What are we looking for?
Let's see how Yin Luo's suggested strategy for September worked. Until recently, Mr. Luo was the quantitative analyst at Macquarie Securities, but he has left the firm to join Deutsche Bank in the new year. He will return with a strategy for this column at that time, but until then let's see how his recommended strategy around U.S. stocks with positive news flow worked last month.
How did it perform?
For September, Mr. Luo used a service called RavenPack, which scours hundreds of news sources - including financial newswires, websites and blogs - for news stories involving U.S. publicly listed companies. As David Parkinson reported last month , RavenPack then uses something called "natural language processing algorithms" to translate language into scores reflecting the degree of positive or negative tone in news stories relating to a given company.

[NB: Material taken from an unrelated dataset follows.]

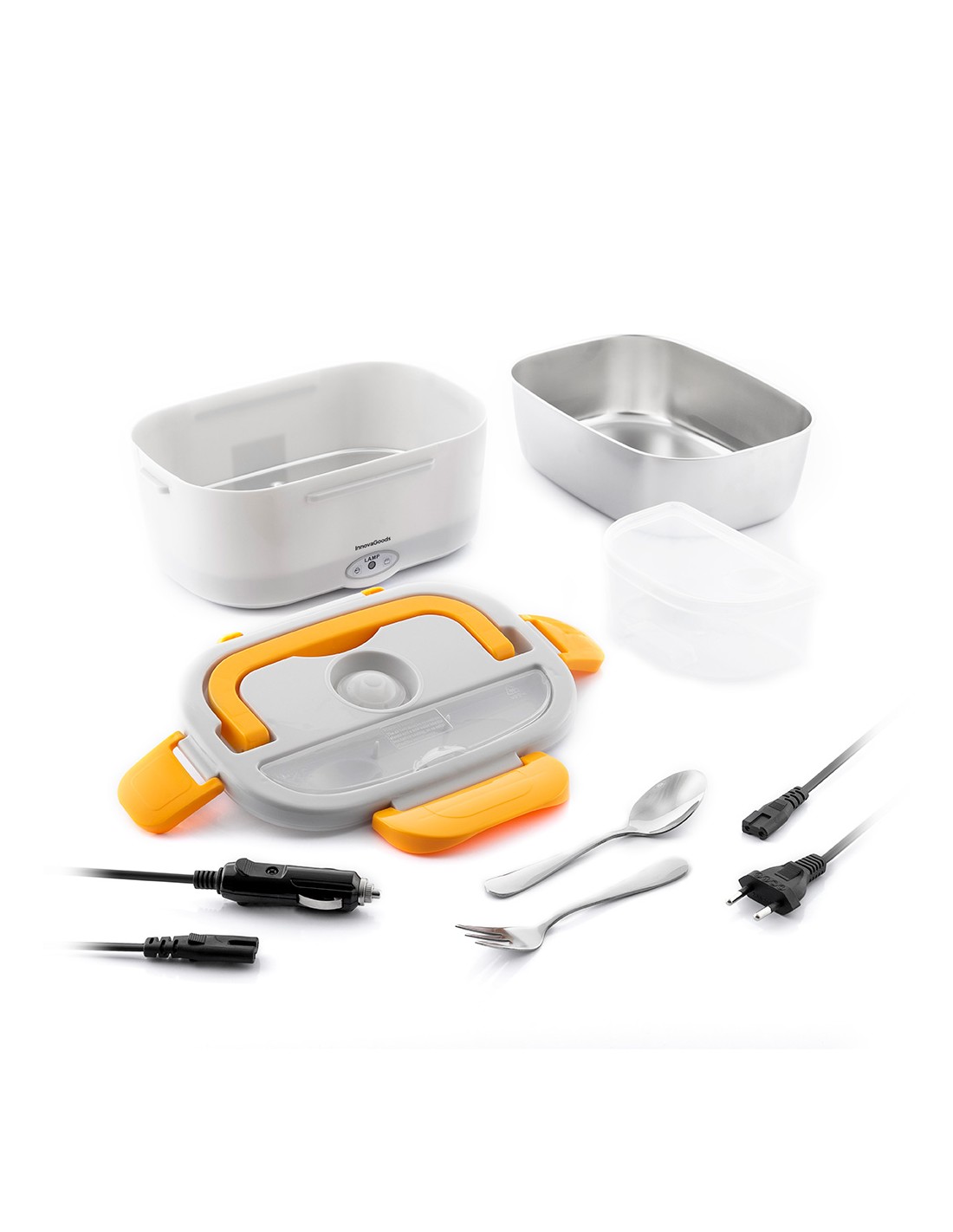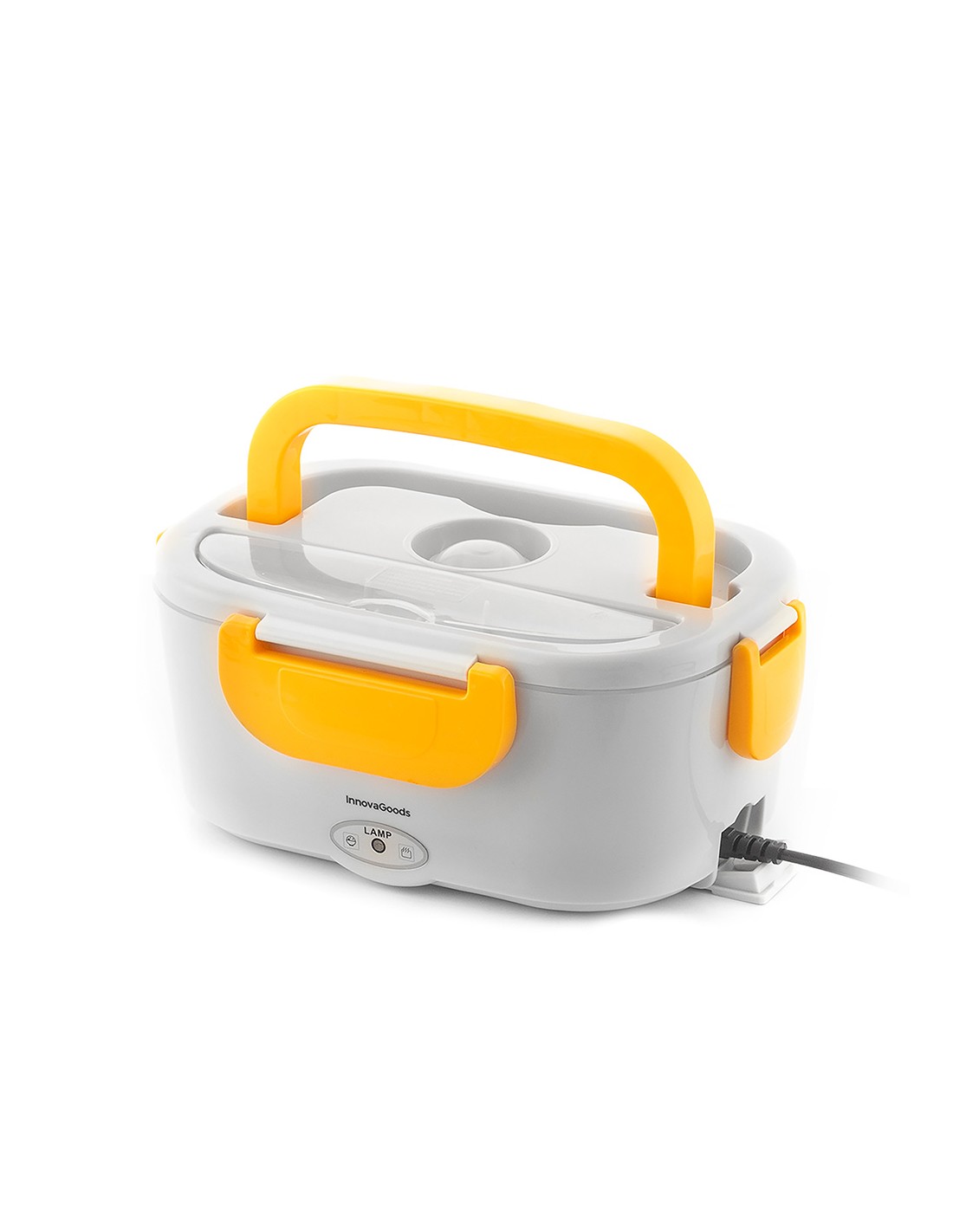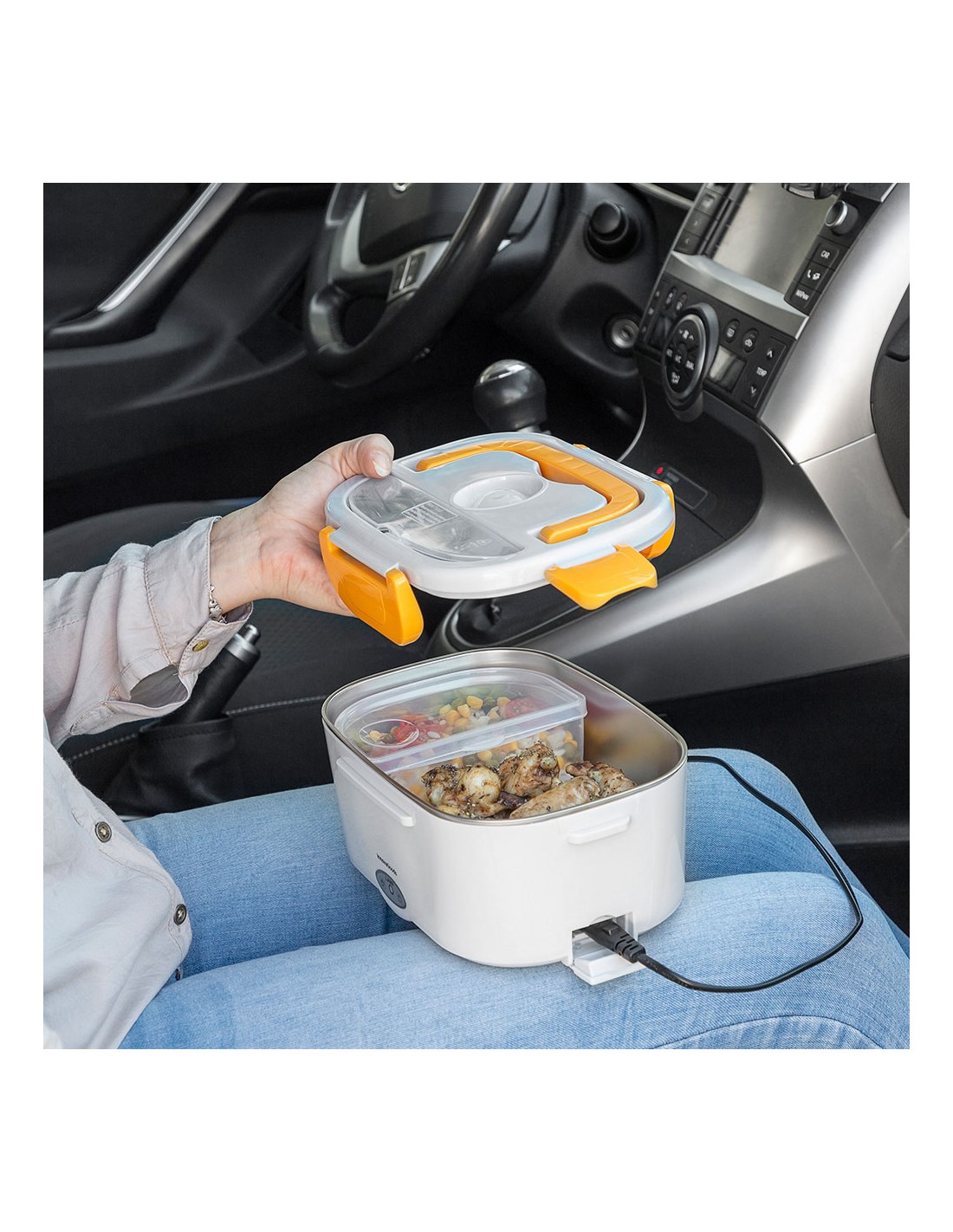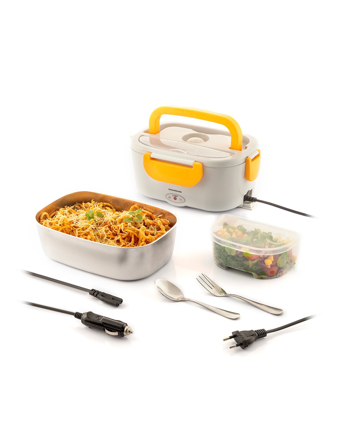 Fiambrera eléctrica para oficina y coche, para calentar comidas,con capacidad de 1,05l y potencia de 60w. cable extraible 80 cm. tipo enchufe c. alcanza hasta 90°c. incluye válvula de vapor, asa plegable, cierres de seguridad y cable extraible adaptador para el coche (12v 5a). 23,5 x 10,5 x17 cm

Mr. Luo combined these news sentiment scores with Macquarie's own proprietary EMC2 quantitative stock-picking model, to identify 20 attractive U.S. stocks from all 10 major industry sectors.

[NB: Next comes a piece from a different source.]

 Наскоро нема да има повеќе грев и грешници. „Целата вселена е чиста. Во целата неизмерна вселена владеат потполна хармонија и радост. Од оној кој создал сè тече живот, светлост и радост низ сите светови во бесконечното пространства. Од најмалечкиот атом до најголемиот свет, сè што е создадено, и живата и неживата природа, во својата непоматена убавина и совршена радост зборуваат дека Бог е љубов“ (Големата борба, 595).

"Our research indicates that news sentiment supplements the traditional multi-factor quantitative models effectively," Mr. Luo said a month ago. "The key reason is that news stories provide a different angle from the traditional fundamental and momentum information."
It turns out he was right again, as the average price return of each stock in the portfolio was 5.5 per cent last month versus 3.6 per cent for the S&P 500. His news-flow and quantitative strategy also performed well for Canadian stocks in September, giving credence to the idea that positive news can be measured and is helpful to investors. Mr. Luo's monthly recommendations have beaten the benchmark now in 22 of 28 cases.